**Data block:**
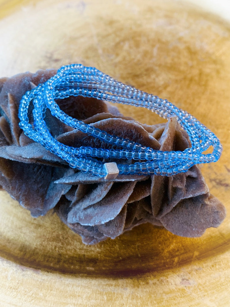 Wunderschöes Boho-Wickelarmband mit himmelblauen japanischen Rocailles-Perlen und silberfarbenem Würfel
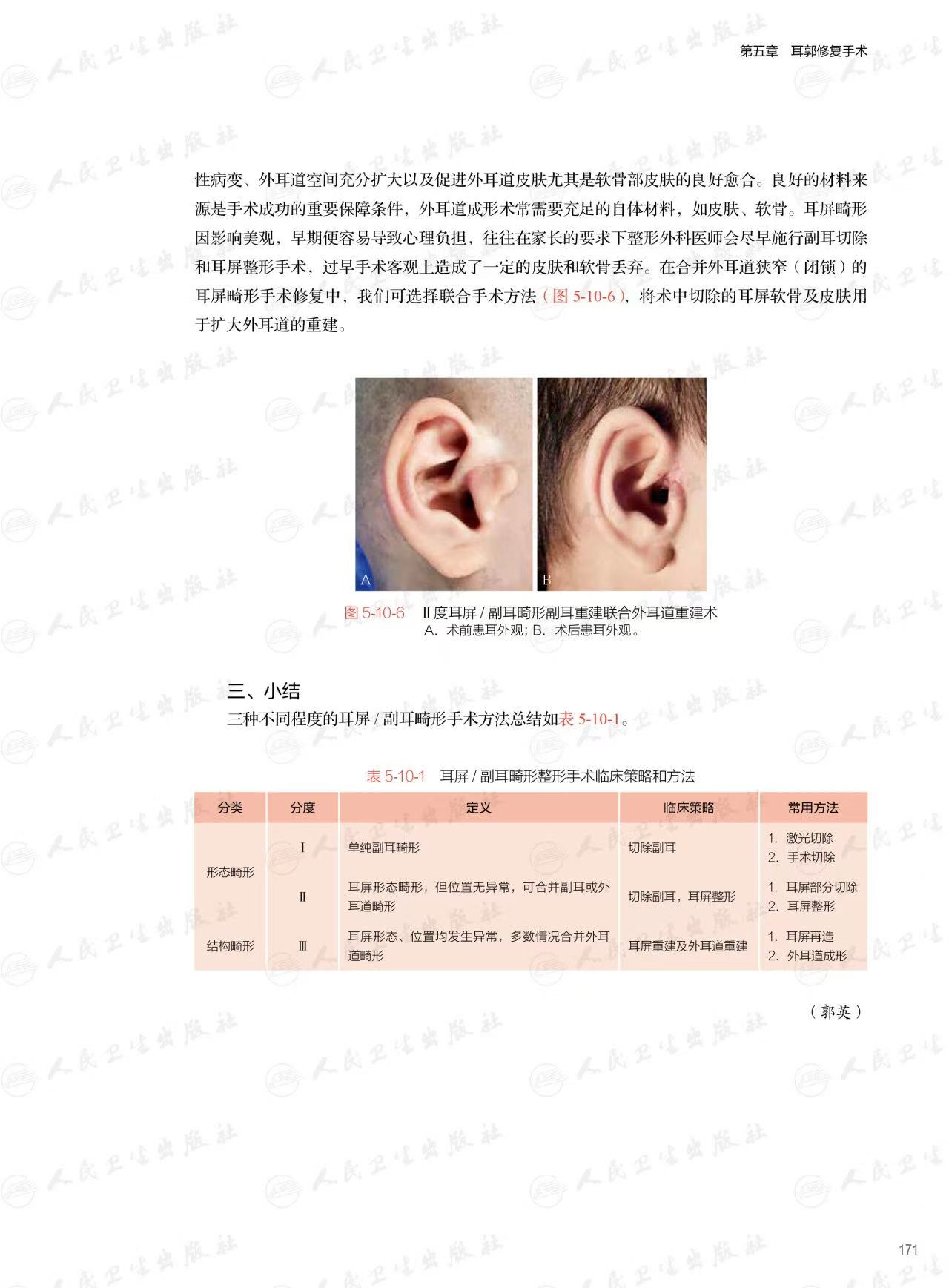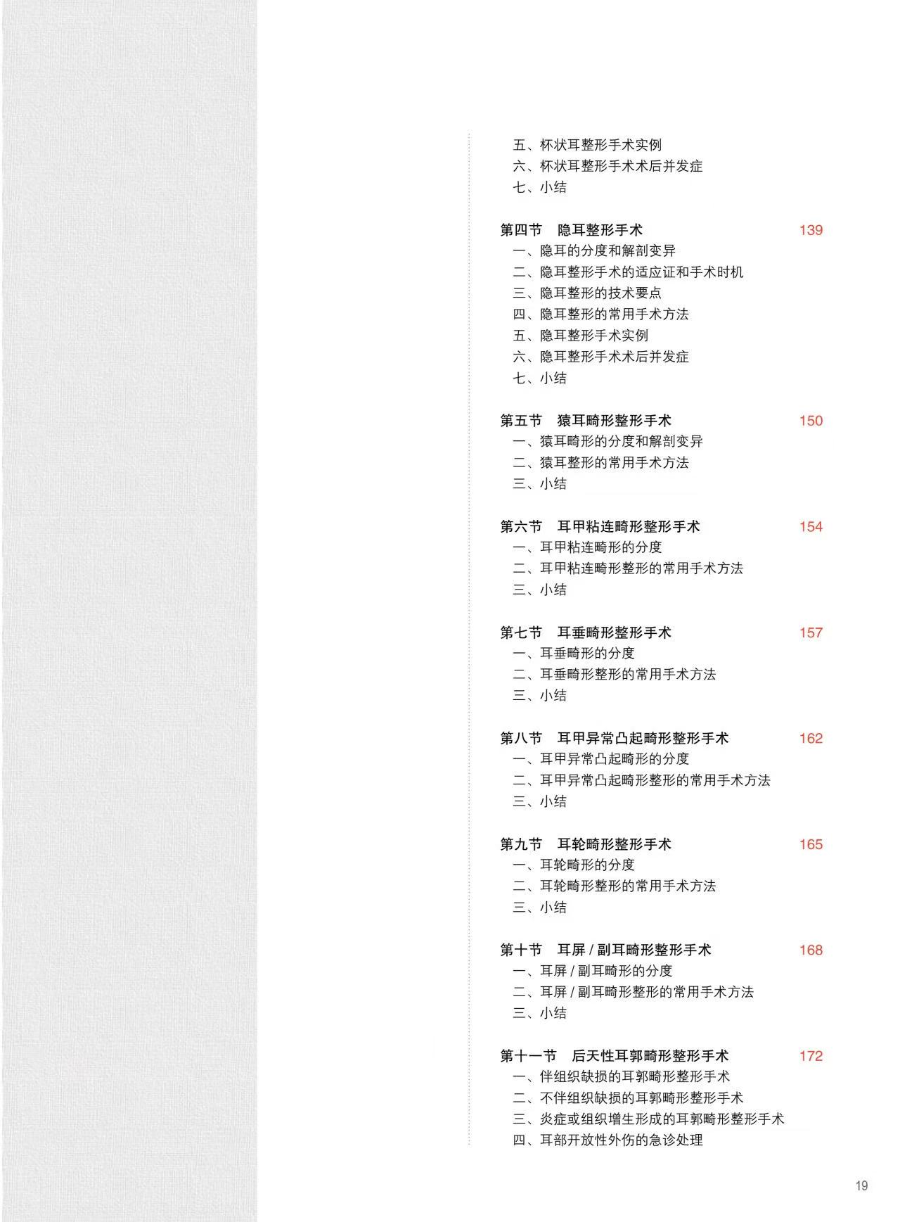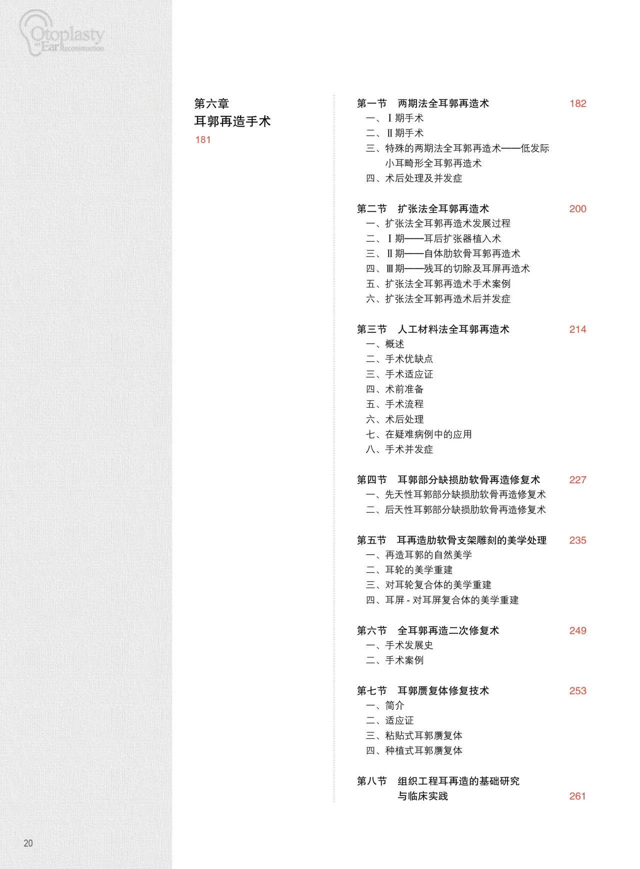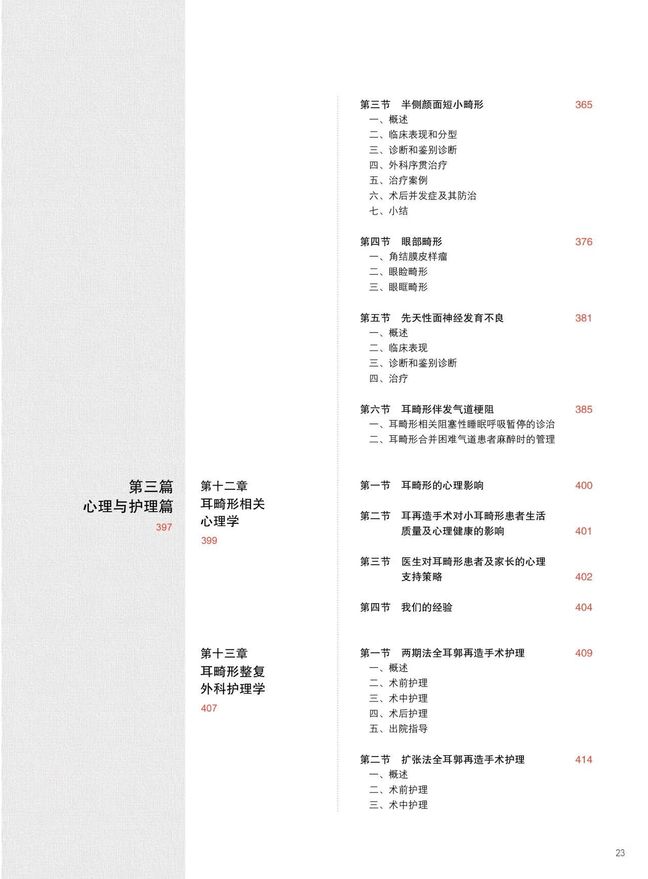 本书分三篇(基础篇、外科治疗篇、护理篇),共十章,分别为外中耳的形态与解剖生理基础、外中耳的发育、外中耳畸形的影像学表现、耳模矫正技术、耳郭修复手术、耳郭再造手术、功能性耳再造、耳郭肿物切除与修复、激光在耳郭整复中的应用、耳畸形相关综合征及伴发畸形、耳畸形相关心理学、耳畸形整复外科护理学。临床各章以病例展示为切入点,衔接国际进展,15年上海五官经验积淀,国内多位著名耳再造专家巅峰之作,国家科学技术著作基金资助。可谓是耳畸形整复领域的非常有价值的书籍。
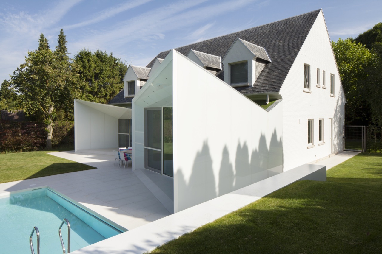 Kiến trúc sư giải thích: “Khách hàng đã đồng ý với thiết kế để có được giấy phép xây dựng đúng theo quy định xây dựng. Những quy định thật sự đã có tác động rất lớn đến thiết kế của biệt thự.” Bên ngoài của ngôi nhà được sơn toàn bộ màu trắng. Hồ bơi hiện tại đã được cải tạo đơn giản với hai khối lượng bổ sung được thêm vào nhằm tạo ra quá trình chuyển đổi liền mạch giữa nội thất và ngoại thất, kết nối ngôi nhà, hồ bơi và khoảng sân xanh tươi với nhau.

**Exercise aim:**
The listing above is to be written out again exactly, with its pictures omitted.

**Task response:**
 Wunderschöes Boho-Wickelarmband mit himmelblauen japanischen Rocailles-Perlen und silberfarbenem Würfel
 本书分三篇(基础篇、外科治疗篇、护理篇),共十章,分别为外中耳的形态与解剖生理基础、外中耳的发育、外中耳畸形的影像学表现、耳模矫正技术、耳郭修复手术、耳郭再造手术、功能性耳再造、耳郭肿物切除与修复、激光在耳郭整复中的应用、耳畸形相关综合征及伴发畸形、耳畸形相关心理学、耳畸形整复外科护理学。临床各章以病例展示为切入点,衔接国际进展,15年上海五官经验积淀,国内多位著名耳再造专家巅峰之作,国家科学技术著作基金资助。可谓是耳畸形整复领域的非常有价值的书籍。
 Kiến trúc sư giải thích: “Khách hàng đã đồng ý với thiết kế để có được giấy phép xây dựng đúng theo quy định xây dựng. Những quy định thật sự đã có tác động rất lớn đến thiết kế của biệt thự.” Bên ngoài của ngôi nhà được sơn toàn bộ màu trắng. Hồ bơi hiện tại đã được cải tạo đơn giản với hai khối lượng bổ sung được thêm vào nhằm tạo ra quá trình chuyển đổi liền mạch giữa nội thất và ngoại thất, kết nối ngôi nhà, hồ bơi và khoảng sân xanh tươi với nhau.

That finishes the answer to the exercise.